Les forces de Poutine, dont beaucoup ont reculé face à l’attaque de l’Ukraine, s’essoufflent depuis un certain temps maintenant, sabotant leur propre équipement.

 Poutine est devenu si désespéré il a tenté de créer une nouvelle force combattante composée de « prisonniers recrutés » via le groupe de mercenaires Wagner qui a promis la libération aux prisonniers après un enrôlement pour combattre en Ukraine. Mais à ce stade du conflit, si Poutine s’appuyait sur une mobilisation ou un appel plus large, le public se révolterait, a prédit Gallyamov.

“Si Poutine commence à réaliser ce projet national, il devra faire face à un vrai danger d’émeutes”, a déclaré Galyamov. « Les Russes ne veulent pas aller faire cette guerre. Ils ne sont pas prêts à aller sacrifier leur vie, surtout au moment où les Ukrainiens avancent et les Russes reculent.

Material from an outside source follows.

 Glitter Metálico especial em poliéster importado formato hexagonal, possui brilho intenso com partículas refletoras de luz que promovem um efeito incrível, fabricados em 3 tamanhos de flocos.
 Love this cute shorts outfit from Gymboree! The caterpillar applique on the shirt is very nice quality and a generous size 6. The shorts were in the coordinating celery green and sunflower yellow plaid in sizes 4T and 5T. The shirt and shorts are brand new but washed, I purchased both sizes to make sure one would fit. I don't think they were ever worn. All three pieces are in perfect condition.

“Il n’est pas clair si ses fidèles de la Garde nationale réprimeront vraiment ces émeutes comme avant, car maintenant, ces gardes nationaux ne sont plus aussi fidèles”, a déclaré Gallyamov.

Un politicien russe, le chef du Parti communiste russe, a déclaré cette semaine  qu’il faudrait dans les prochains jours une grande mobilisation pour répondre aux besoins criants du conflit.

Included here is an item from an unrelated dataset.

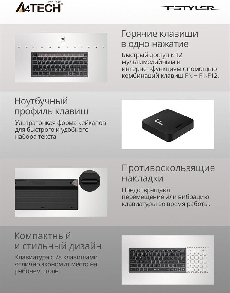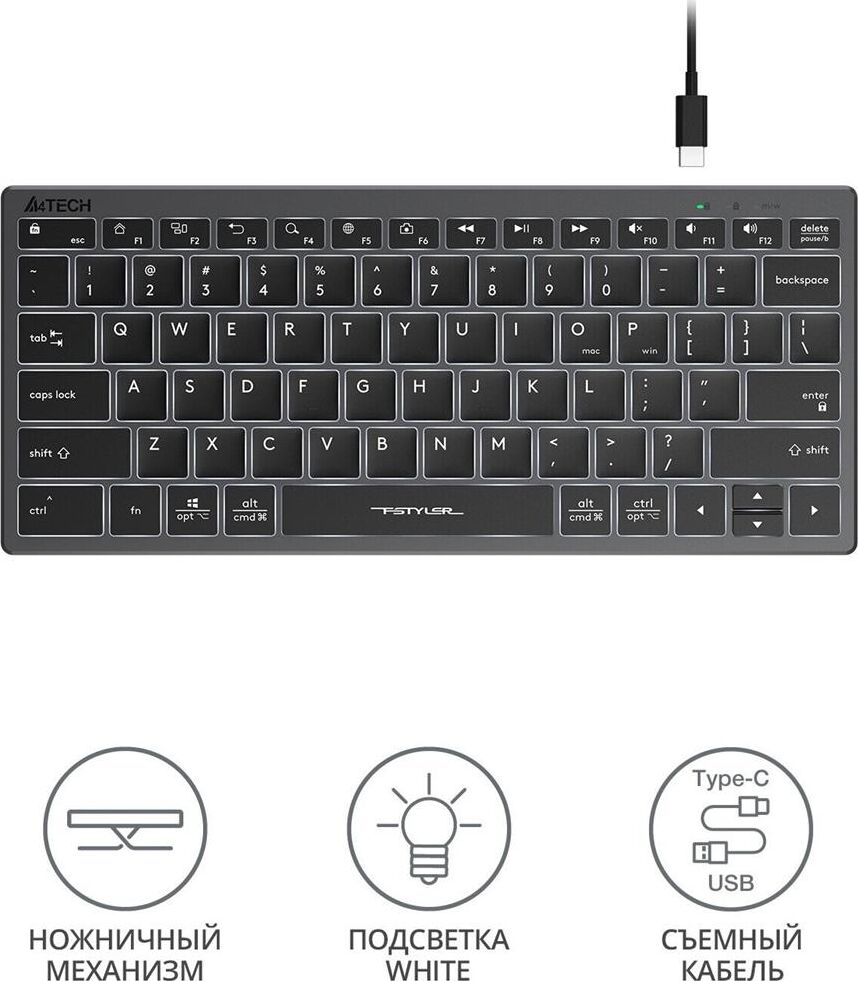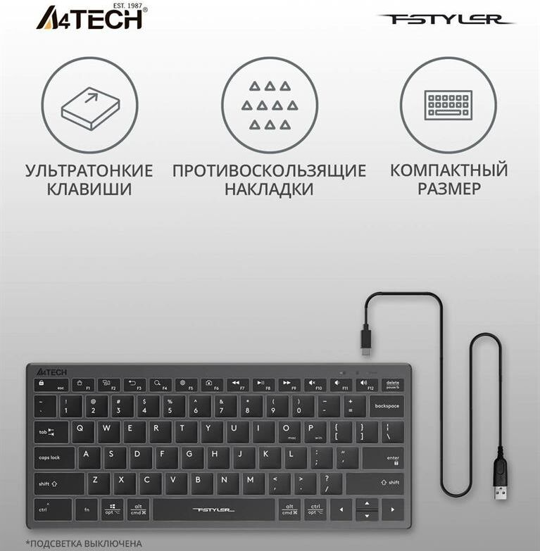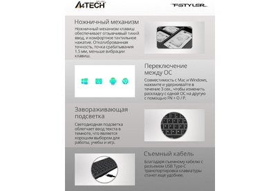A4TECH Клавиатура Fstyler FX61 белый USB slim LED (FX61 WHITE)

“La mobilisation maximale des forces et des ressources est maintenant requise”, a déclaré Gennady Zyuganov , reconnaissant que l’opération militaire “spéciale” de Poutine – qui a été qualifiée d’opération limitée auparavant – est en effet une guerre.

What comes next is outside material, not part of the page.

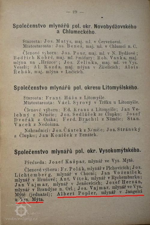 1899 - Albert Popler členem výboru Společenskva mlynářů pol. okr. Vysokomýtského (Fr. Dušk, Kapesní kalendář mlýnů česko-moravských, r. 1899) (HŠ)

“L’opération militaire spéciale en Ukraine s’est transformée en une guerre à part entière”, a déclaré Zyuganov. “Une guerre et une opération spéciale diffèrent en leur essence. Une guerre ne peut pas être terminée, même si vous le souhaitez : vous la menez jusqu’au bout, soit la victoire, soit la défaite.”

Cependant, le Kremlin ne semble pas encore déterminé à prendre des mesures de mobilisation. Le porte-parole du Kremlin Dmitri Peskov a déclaré au début de cette semaine qu’il n’y avait pas de discussions en cours sur une mobilisation totale ou partielle.

Pour l’instant, les forces russes tentent de poursuivre le combat en Ukraine et ont poursuivi ces dernières heures des frappes de missiles contre des infrastructures civiles, notamment à Kryvyi Rih, Nikopol, Hulyaipole et Myrne.

“L’ennemi continue de concentrer ses efforts sur les tentatives d’occupation complète de l’oblast de Donetsk, de tenir les territoires reconquis et de perturber les actions actives de nos troupes dans certaines zones”, a déclaré jeudi l’état-major des forces armées ukrainiennes.

Pavlo Kyrylenko, chef de l’administration militaire régionale de Donetsk, a déclaré que des missiles russes dans la région de Donetsk avaient tué 2 personnes et blessé 13 civils mercredi.